The court concludes that ample evidence supports the conclusion that plaintiff's complaints were protected activity under the LAD and that his demotion was in retaliation for those complaints. The court also holds that the complaints in the anonymous letter, if they were the basis for a retaliatory employment consequence, would suffice for LAD purposes.
The court directs that the verdict in plaintiff's favor on the LAD count be reinstated.
As to the award of emotional distress damages, the court says that a plaintiff can recover for emotional distress without resort to expert testimony. However, an award for future emotional distress must be supported by evidence of permanency presented through expert testimony, lest that verdict be the product of speculation.
Here, by referring to plaintiff's age and life expectancy, the trial court improperly permitted the jury to include a future award for emotional distress, in the absence of any evidence about permanency. Therefore, the award of damages for emotional distress cannot stand.
As to the CEPA verdict, The court says the focus of a fraud-based CEPA claim is on whether the employee making the complaint had a reasonable belief that the activity was fraudulent and complained about it for that reason. Courts must be alert to the sufficiency of the factual evidence as the statute does not protect complaints directed to minor or trivial matters.
Thus, it is critical to identify the evidence that the employee believes will support the CEPA recovery with precision. When instructing juries, trial courts must be vigilant in identifying the essential complaint made by the employee so that the jury will be able to test it against the standards that the law imposes as a prerequisite to recovery.

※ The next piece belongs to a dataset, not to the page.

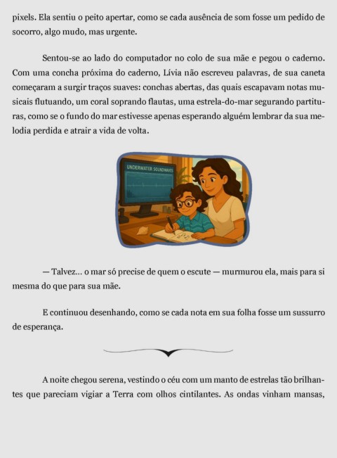 — Talvez… o mar só precise de quem o escute — murmurou ela, mais para si
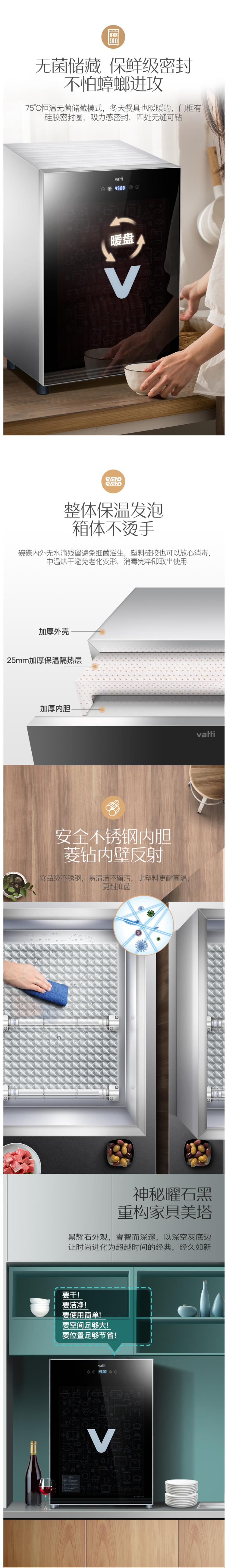 消毒柜内胆的上下盖都采用了漫反射工艺,快速、全面、均匀的杀菌消毒,同时自带的智能温控系统,节能省电;表面是特种镜面镀膜工艺,更耐高温且光亮如镜面;磨砂质感包边,兼顾耐用,抗腐蚀性强,持久如一;智能断电停机技术,无需等待,一键开启消毒,完成后机器会自动断电停机,尺寸:长440*深365*高645mm。

Here, the evidence on which plaintiff relies to support his CEPA claim is insufficient. The anonymous letter made no reference to any conduct that related to credit cards or business lunches. Therefore, the CEPA claim rises or falls on the oral complaint that plaintiff asserts he made to DeCraine. However, his testimony was vague and he did not suggest or believe that the employees about whom he complained were engaged in fraudulent conduct.
The court says even if plaintiff offered enough evidence to sustain a CEPA recovery, it would reverse this aspect of the verdict because of the erroneous jury charge that told the jurors they could return a CEPA verdict based on complaints that dealt with credit card, meal practices "and other things." This broad and open-ended description failed to give the jury an adequate explanation of the alleged wrongful activity that could support a verdict in plaintiff's favor on his CEPA claim and failed to provide the appropriate focus as a matter of law, i.e., on what plaintiff knew and reasonably believed.
Finally, the court affirms the dismissal of the claim of implied contract, agreeing with the trial court's substantive analysis of the claim and the appellate panel's reasoning that the only damage that could be recovered, if there were any merit to that claim, would be co-extensive with the verdict plaintiff has already received.
Chief Justice Rabner, Justice Patterson, and Judges Parrillo and Fuentes, both temporarily assigned, join in Justice Hoens's opinion. Justices LaVecchia and Albin and Judges Rodriguez and Cuff, both temporarily assigned, did not participate.
For appellant/cross-respondent — Michael T. Bissinger (Day Pitney; Bissinger and Joshua A. Polak on the briefs). For respondent/cross-appellant — Maureen S. Binetti (Wilentz, Goldman & Spitzer; Binetti and Stephanie D. Gironda on the briefs).